I already know what he looks like, because I too am Greg Gottfried. The Indiana Daily Student doesn’t actually have the money to send another student across the pond for a one-off interview, so Greg will perform both parts of this Q&A.
As I get in the elevator and push the button to the 11th floor, where he told me to meet him, I’m anxious. He stands there as the doors open, shakes my hand and walks me over to his place, 11.44. He has a spectacular view of London, but also a room the size of a single freshman dorm. Greg awaits the first question.
Editor’s Note: This interview has been shortened because Greg likes to talk a lot about himself and he’s not important enough to have 1500 words.
So...uh, how’s London?
Really, that’s your first question. Goddamn, they couldn’t have sent someone good. (He sighs) London’s great. There’s a lot to do. I’ve only been here three weeks, but I’ve gone to some clubs, done the touristy stuff and eaten at some exquisite establishments, like McDonald’s.
Oh, that’s cool. Can you elaborate on touristy stuff?
Sure. I went to Big Ben, took a boat ride on the Thames, checked out the British Museum and made some puns about mummies. You know, the normal things. It’s been the random, out-of-the-way stuff that’s been better though.

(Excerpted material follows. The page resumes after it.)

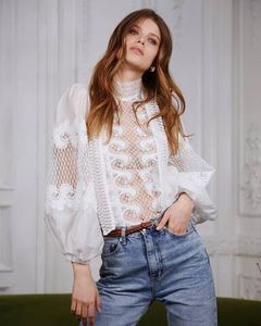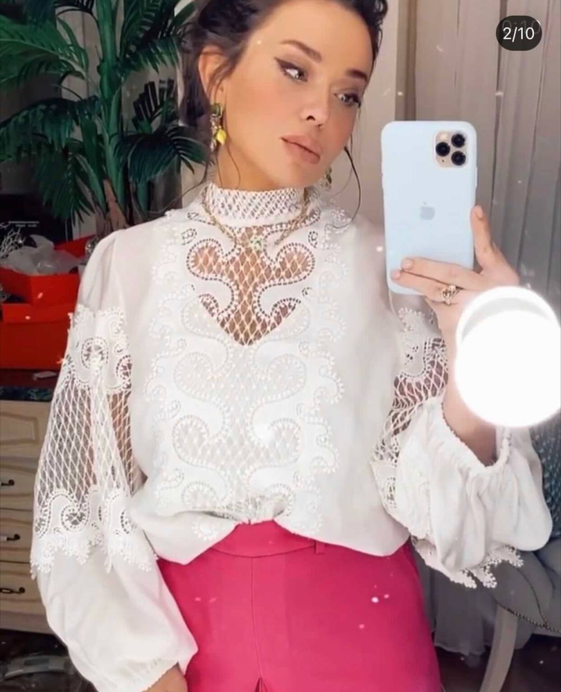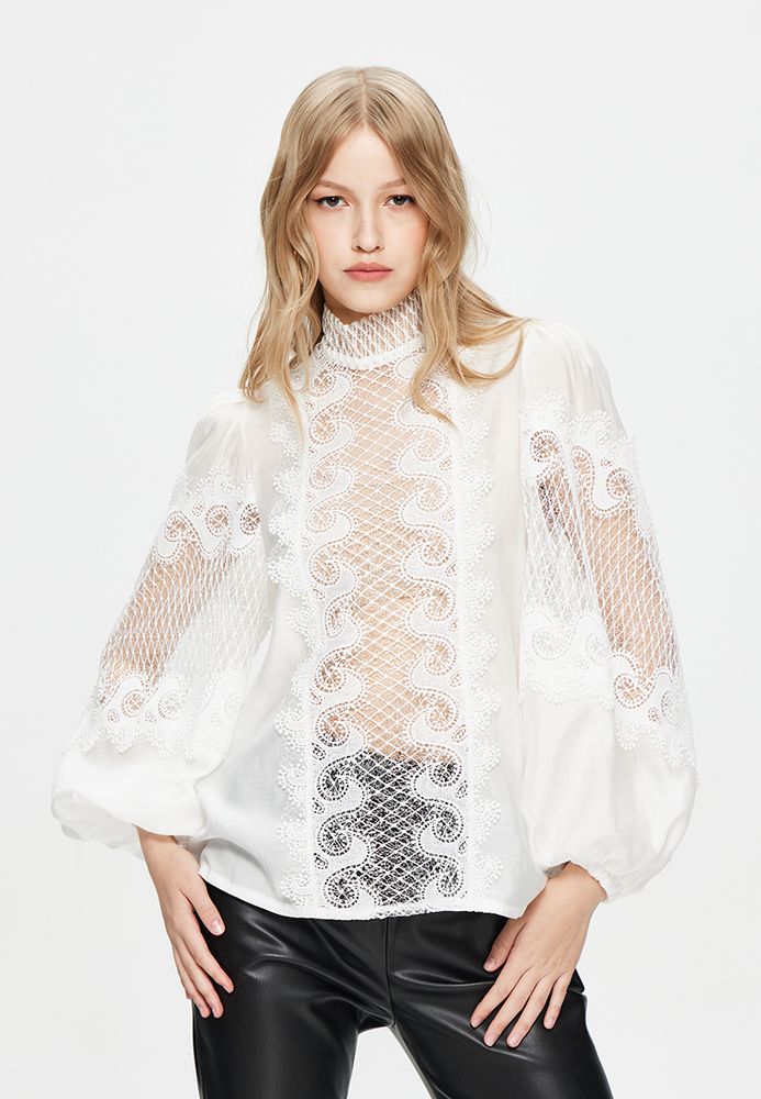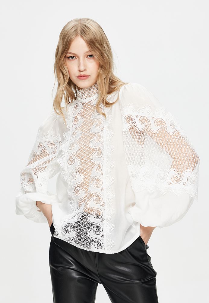 Блуза выполненная из приятной к телу вискозы с оригинальным шитьем спереди и на объемных рукавах.

Walking through Oxford Circus — not a real circus by the way, which is bullshit — I happened upon a hotel called Sanderson’s that looked like it was pulled out an art-deco poster. Also, a bunch of us found this dessert place in seemingly the middle of nowhere, which would give the Chocolate Moose a run for its money.
How are classes and schoolwork?
Not too bad actually, knock on wood. The classes are long, two and a half hours each, but they’re pretty interesting. I have a class on Shakespeare and for one of my film classes I have to watch a movie nominated for the British Academy of Film and Television Arts awards by the next time we meet.

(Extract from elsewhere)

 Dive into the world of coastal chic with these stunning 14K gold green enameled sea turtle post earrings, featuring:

All you have to do is watch a movie?
So, you can drink now. What’s that like?
It’s a nice thing to have, sure, but I don’t think any of us are idiots about it. Ordering a beer with food or being able to go to pubs is just a normal thing here, so no one has gone too nuts...yet.
You kind of mentioned this before, but how are the clubs?
This is going to surprise you, but the clubs are fun. We found this place called the Mason House, which was playing Outkast and Bieber, so you know that’s great. Drinks were also cheap the night we went, which is important. There’s also this karaoke place called Zoo that turns into a dance party. I’m always down for a dance party.
Of course. Me too. Did you sing?
Nah. Not yet. I had to see how everyone else was first before I go out there and knock Gwen Stefani’s “Sweet Escape” out of the park.
There was this old guy that sang Ricky Martin’s “She Bangs,” which was simultaneously the creepiest and funniest thing I’ve ever seen. Also, there was this one woman who rocked Beyoncé’s “Halo”. I’m not saying she was better than Beyoncé, but I’m also not saying she wasn’t. You get the picture.
I don’t, but we’ll let that go. We’re reaching the end of our time, so I’m gonna end with a bit of an obscure question. Were there any issues regarding condiments at Heathrow Airport customs?
Wow, that’s a specific question, and also a great one. Yeah. There was this woman screaming and cursing at the security guards, who wouldn’t let her bring a large jar of mustard through customs.
What? Surely she was alone, right?
Nope, she had two little kids with her, listening to her berate some guy whose job it was to keep everyone safe and calm.
Was there ever any doubt? And no, she didn’t get the mustard through. She eventually gave up and stormed through, causing a scene while the security laughed at her once she disappeared through the door.
Great stuff. Thanks for sitting down with me. I’m glad that we had this oppor—
(Roommate wakes up)
“Hey, Greg. Stop talking to yourself. It’s three in the morning and we have class tomorrow.”